Q : Qui peut passer un test dans le bus ?
R : Le bus est destiné à toute personne éligible au dépistage du cancer du col de l’utérus via le NHS. Cela inclut généralement les femmes et les personnes avec un col de l’utérus âgées de 25 à 64 ans. Vous n’avez pas besoin d’être inscrite auprès d’un médecin généraliste spécifique pour l’utiliser.

Q : Le test est-il le même que celui effectué dans un cabinet de médecin généraliste ?
R : Oui, complètement. C’est le même test, effectué par une infirmière formée dans une pièce privée et sécurisée à l’intérieur du bus. La seule différence est le lieu.

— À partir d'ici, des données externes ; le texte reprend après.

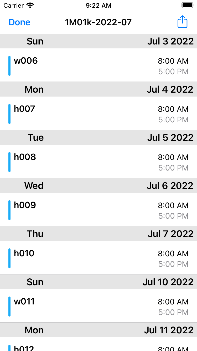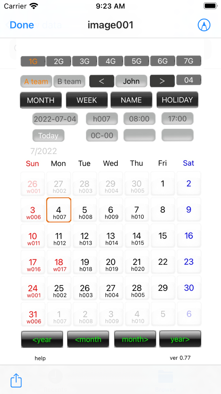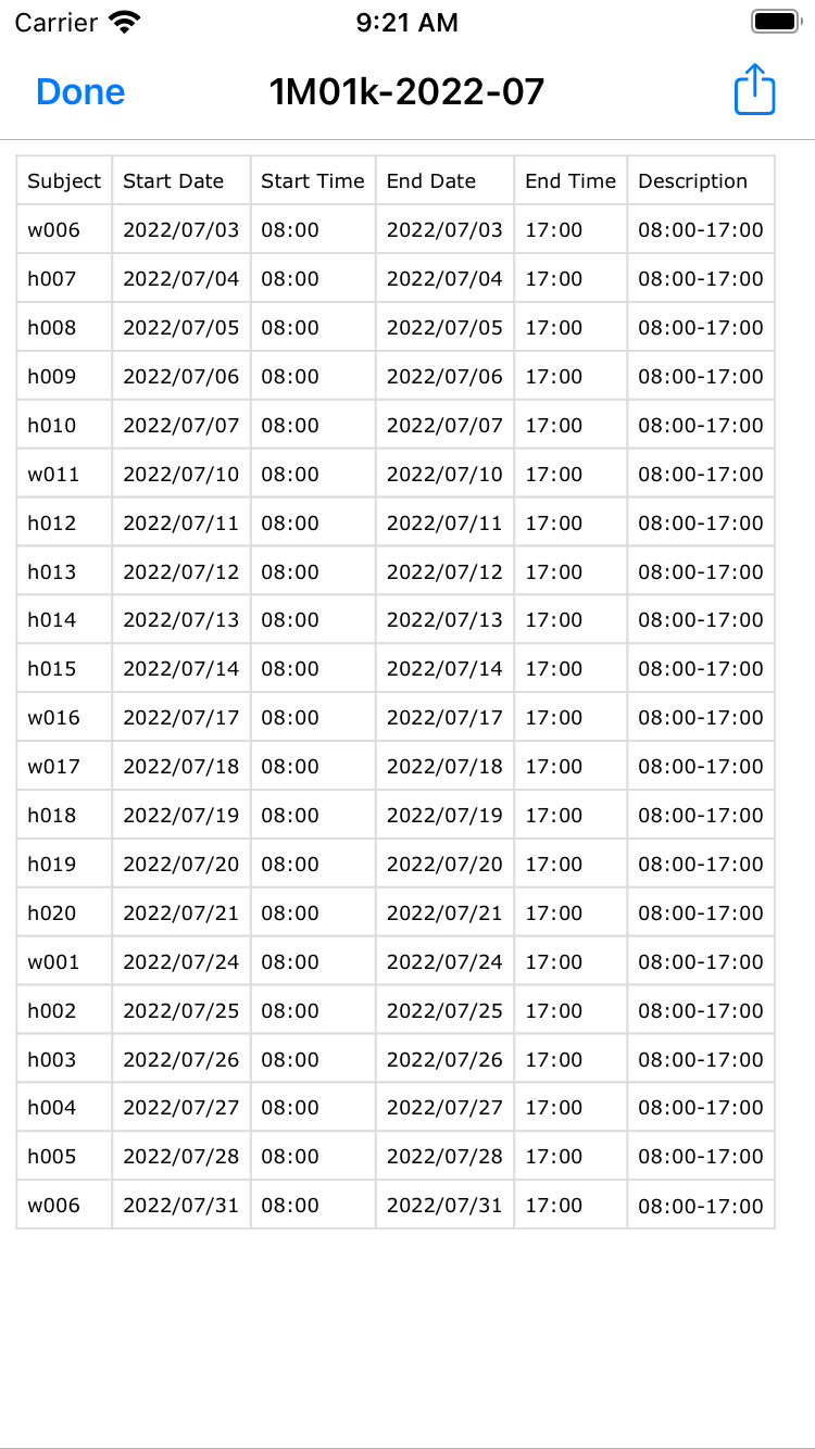 09.Create ICS and CSV files An ics file is a file in a format that can be used with the calendar app for iPhone and Mac. The iPhone calendar app can't import files directly from the iPhone (I don't know why). You can use the file sharing function to send yourself an email (as an attachment), open it, and import it into your iPhone's calendar. Mac calendar software can import each file as a new calendar. This time there is one file, but if there are multiple files, please search for the one you need by file name. File name rule is "1m01k-2022-07.csv" first digit is group, m is 'A team', c is 'B team', next 01 is member number, k is 'area 1', d 'area 2', 2022 is the year and 01 is the month. |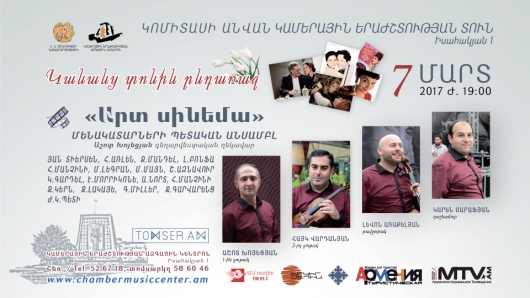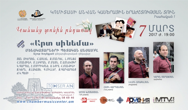 Սիրով տեղեկացնում ենք, որ մարտի 7-ին ժամը 19:00-ին տեղի կունենա Արտ Սինեմա անսամբլի համերգը Կոմիտասի անվան կամերային երաժշտության տանը:
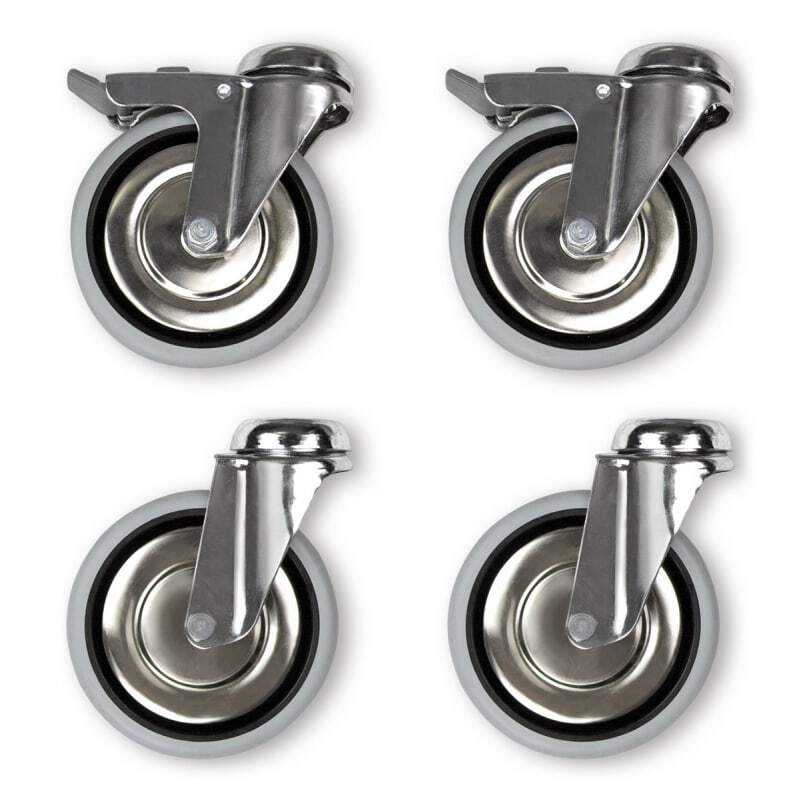 Ce Lot de 4 Roues est spécialement conçu pour les Tables Inox et Plonges de la marque Dynasteel. Il comprend deux roues avec freins et deux roues sans.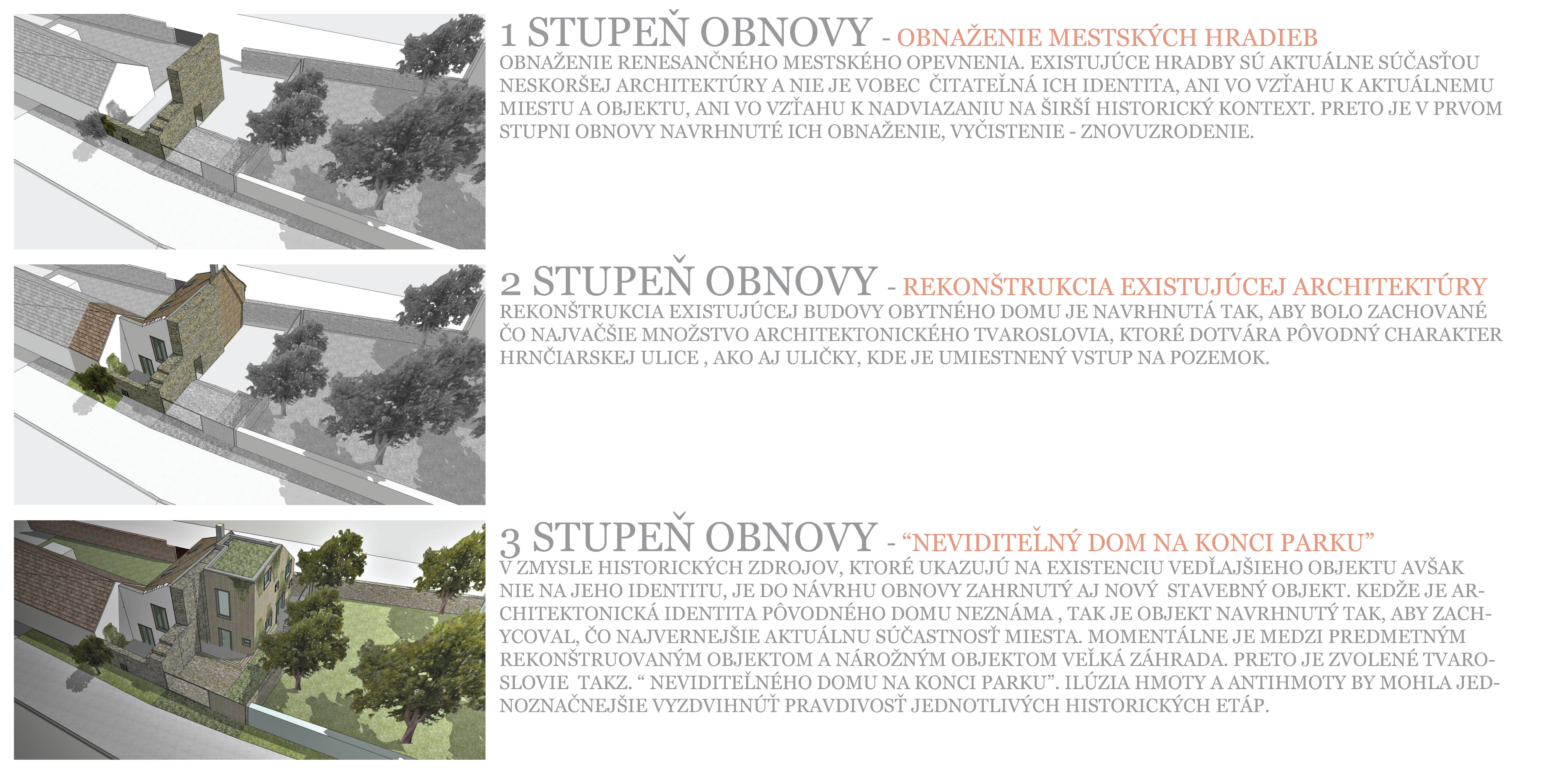 JK: Nová pôdorysná stopa objektu "neviditeľného domu" vznikla z rozuzlenia vzťahov medzi architektonicko - koncepčnými a pamiatkovými limitmi, obmedzeniami vyplývajúcimi z ochranného pásma odnože miestneho potoka a lokalizácie jediného možného povoleného vstupného otvoru cez mestskú hradbu.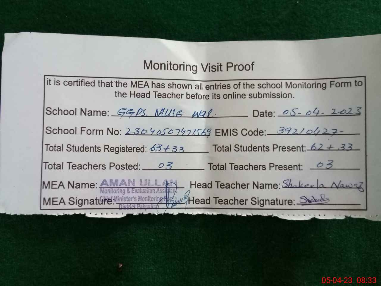 | Attendance Register | Head Teacher | MEA with School | Visit Proof |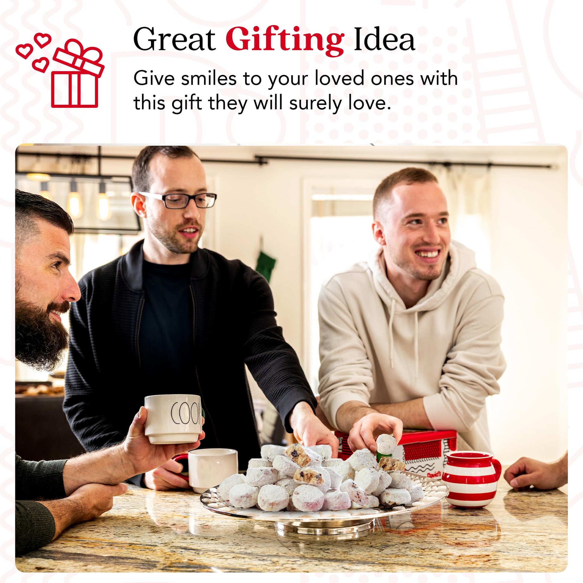 - Fresh Out Of The Oven: Unlike similar products on the market, David’s Cookies bakery desserts arrive in a beautiful cookie tin, preserving their freshness for longer, keeping your sweets protected against humidity and impurities.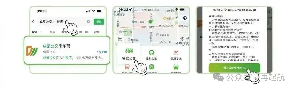 搜索打开成都公交小程序,进入"出行"页面→点击【智驾公交】→阅读后勾选同意《安全服务告知》。

**Questions pratiques et logistiques**

Q : Comment réserver un rendez-vous dans le bus ?
R : Vous réservez généralement à l’avance, soit en ligne via le site web du NHS ou du conseil de santé local, soit en scannant un code QR sur l’horaire du bus. Vous pouvez aussi parfois vous présenter directement s’il y a une place disponible, mais la réservation est plus sûre.

Q : Le bus visite-t-il ma région ?
R : Le bus se déplace dans différentes villes en fonction des besoins les plus élevés. Vous pouvez consulter le site web et les réseaux sociaux de votre fiducie du NHS ou de votre conseil de santé local pour connaître l’horaire des visites du bus et les dates.

Q : Combien de temps dure tout le rendez-vous ?
R : Le test lui-même prend moins de cinq minutes. Votre visite complète, y compris l’enregistrement, la discussion avec l’infirmière et la préparation, prend généralement environ 15 à 20 minutes.

Q : Est-ce complètement privé ?
R : Oui. Le bus dispose d’une zone de consultation privée et d’une salle d’examen séparée, garantissant que votre rendez-vous est confidentiel et que vous vous sentez à l’aise tout au long du processus.